Und das ist in der Bar und der Disco genauso. Relativ schnell merkt mann aber, dass es immer so ist wie in einem Möbelhaus am Sonntag: geöffnet – aber kein Verkauf und keine Beratung!
 
„Show off“ und „Produktpräsentation im rechten Licht“ gehen zu Lasten von Flirten und "einfach Party machen".

Die Stadt scheint nicht „ethnisch gesäubert“ zu sein, sondern „geriatrisch“. Menschen über 35 kommen fast nicht vor. Zumindest im schwulen Kontext.

An jeder Ecke der Stadt gibt es das Angebot, zu konkurrieren, um das schönste Gesicht, den besten Bizeps, den schönsten Körper etc...

Online wird dann erst aus den „gesichteten Regalen“ das passende Produkt virtuell bestellt und konsumiert.

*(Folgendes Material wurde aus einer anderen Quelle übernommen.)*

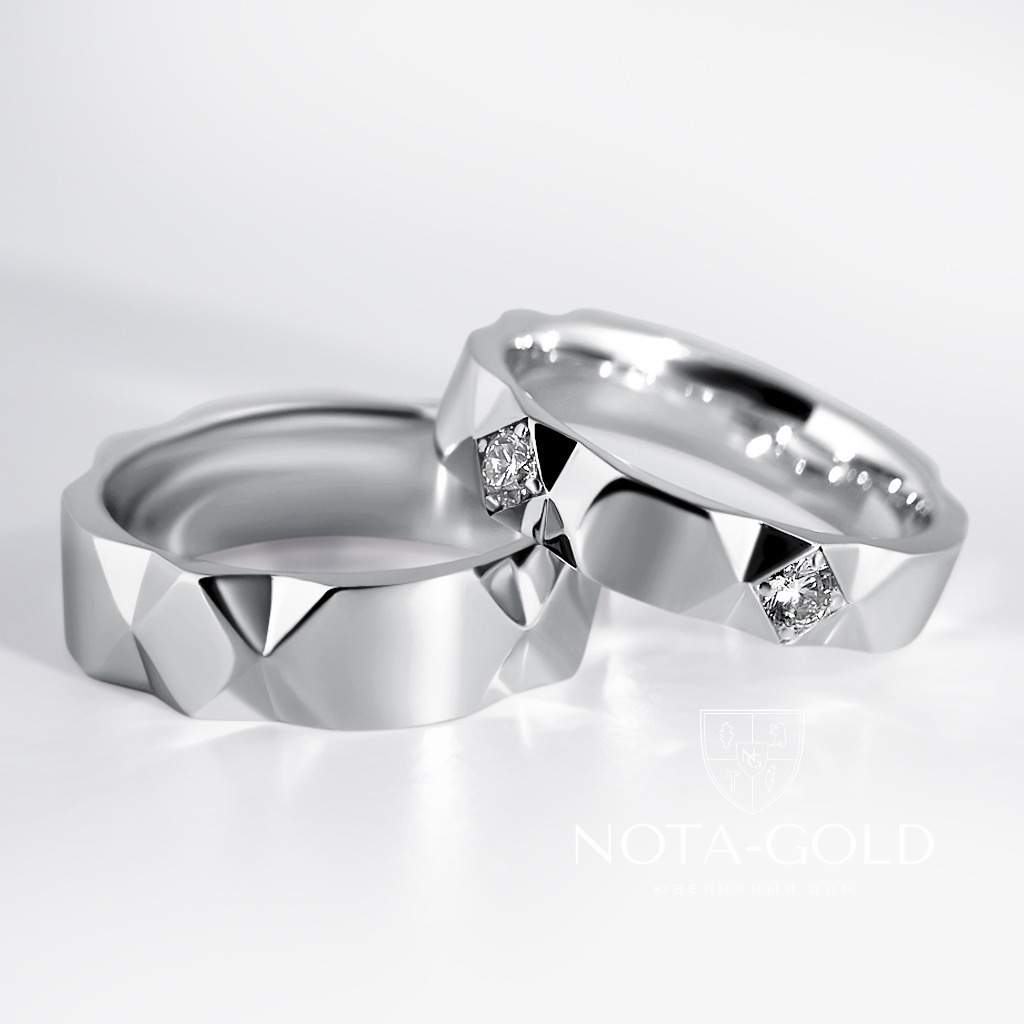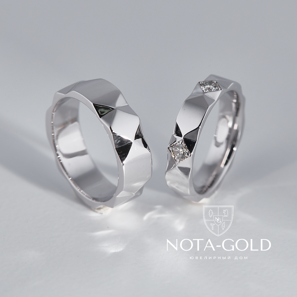 Граненые обручальные кольца из белого золота с бриллиантами в женском кольце (Вес пары 12,6 гр.)

Das alles macht etwas mit einem. Macht etwas mit mir. Dort, wo ich früher die Konkurrenz angenommen habe, ziehe ich mich heute zurück. Dort, wo ich früher nicht genug Stimulus bekommen habe, suche ich heute das Einfache und das Wenige.

Als Schlossgespenst gehe ich durch diese Szenerie und habe weder rostige Rasseln, um mich bemerkbar zu machen, noch kann ich als Gespenst gesehen werden.


Langsam wird es mir hier am Bach ein wenig zu frisch. Es ist nicht mehr heiß, sondern nur noch warm. Die Hügel und Berge versprechen nichts Neues hinter ihren Gipfeln. Irgendwie passt der Kieselstein nicht mehr zu den andern im Bach. Es ist wohl der letzte seiner Art.